In Praise of Copying
- Author: Marcus Boon
- Genre: Non-fiction
- Publisher: Harvard University Press
- Publication date: 2010

= In Praise of Copying =

2010 book by Marcus Boon

In Praise of Copying is a nonfiction book by Canadian author Marcus Boon.

==History==
The book was published in 2010 by Harvard University Press and is licensed under the Creative Commons license by-nc-sa (Attribution–Noncommercial–ShareAlike).

==Synopsis==
Boon has dealt with the issue of copies, imitations and the concept of the original. Starting from the observation that copying is a universally popular, but often criminal practice, he developed a point of view which holds that the distinction between copy and original is for practical purposes only. Boon argues in the book that for everything in the universe there already is a copy, as much as everything is original. Therefore, it is impossible under ethics to ban the copy, since it is impossible not to copy. The distinction between originality and copy creates an artificial boundary which in truth does not exist. Copies are the principle on which the universe rests, even at the molecular level all the things are made by copying. Learning itself cannot occur without copying from others.
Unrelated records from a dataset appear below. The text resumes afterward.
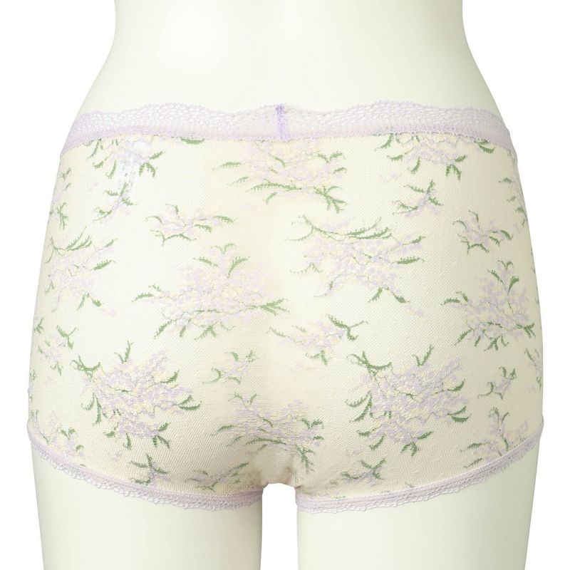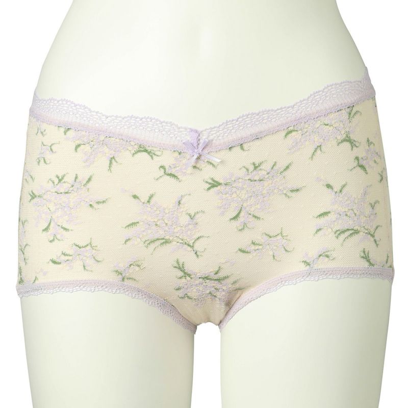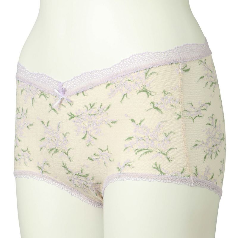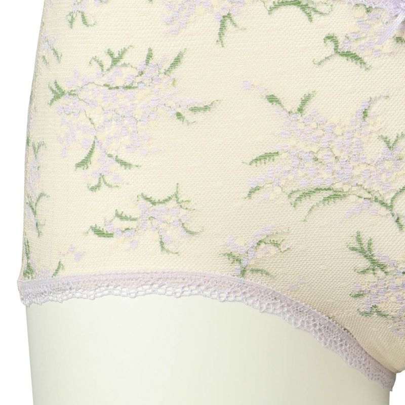 総レースのショートカルソンは、やや深めの履き込み。締め付けの少ないV字のウエスト。前身頃はレースに薄手のパワーネットを重ね付けした、透け防止仕様。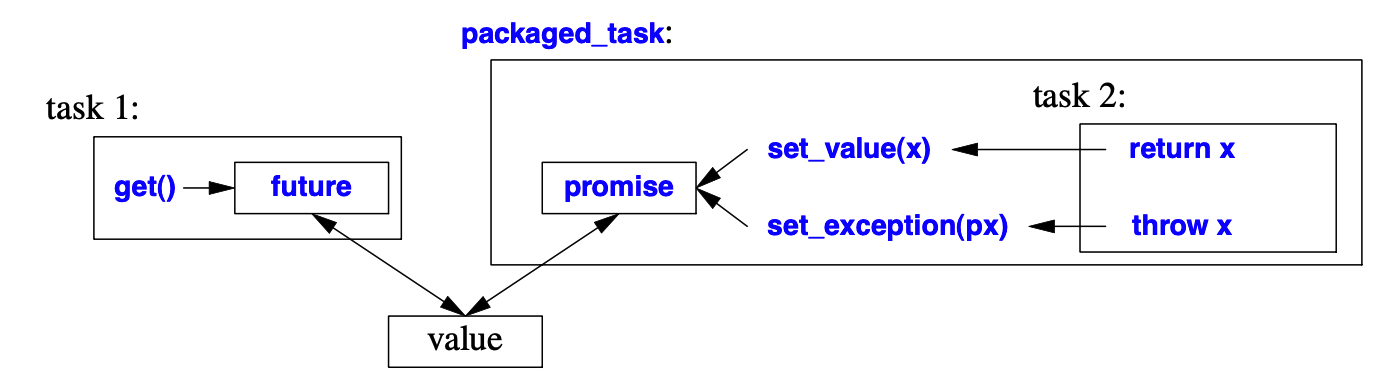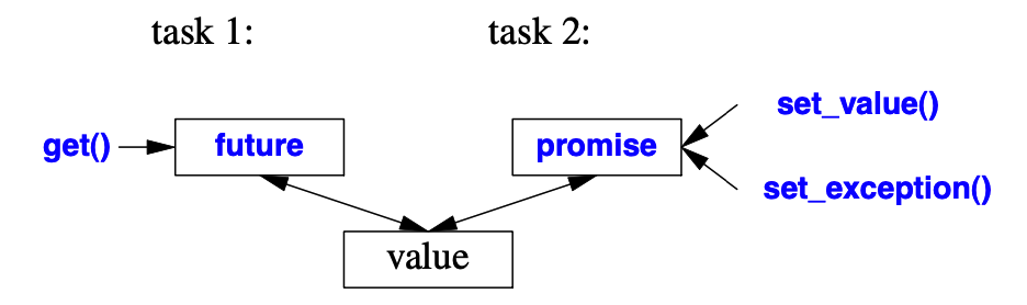 本质上,要完成任务间的通信,需要在新线程创建的时候让线程库给我们添加一个共享的状态,主线程和新线程通过这个共享状态的句柄进行通信。主线程下,这个句柄就是future,新线程下,这个句柄就是promise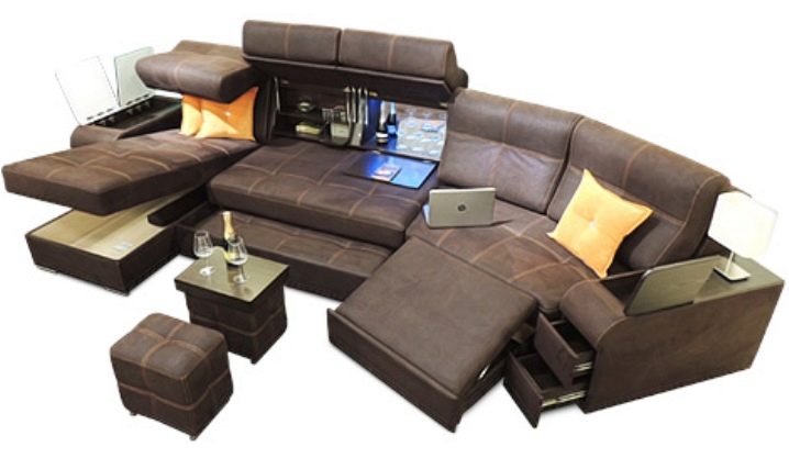 حاملات أكواب تبريد مدمجة في الأريكة ستحافظ على مشروباتك في درجة حرارة آمنة. يمكنك ضبط درجة الحرارة بنفسك ، وكذلك تشغيل الإضاءة ، مما يضفي على الأثاث أناقة خاصة.

The distinction between (legitimate) original and (illegitimate) copy developed in Western Europe. It goes back to philosophical concepts that Plato and Aristotle created. In particular, Boon sees at work the nominalism of Plato, who introduced the idea of an unchanging and unattainable original in Western philosophy. The distinction between original and copy is in its modern incarnation represented by copyright but is actually a consequence of industrial capitalism. This distinction is threatening to undermine the culture of the world and thus to marginalize other systems of reproduction. Boon uses examples from non-European cultures and especially from Buddhism to question the existence of the original in itself.

==Reception==

The book has been reviewed by the New Yorker,
New Republic,
The Wire magazine, the American E-Journal, Pop Matters, Rorotoko, and the University of Chicago Library News.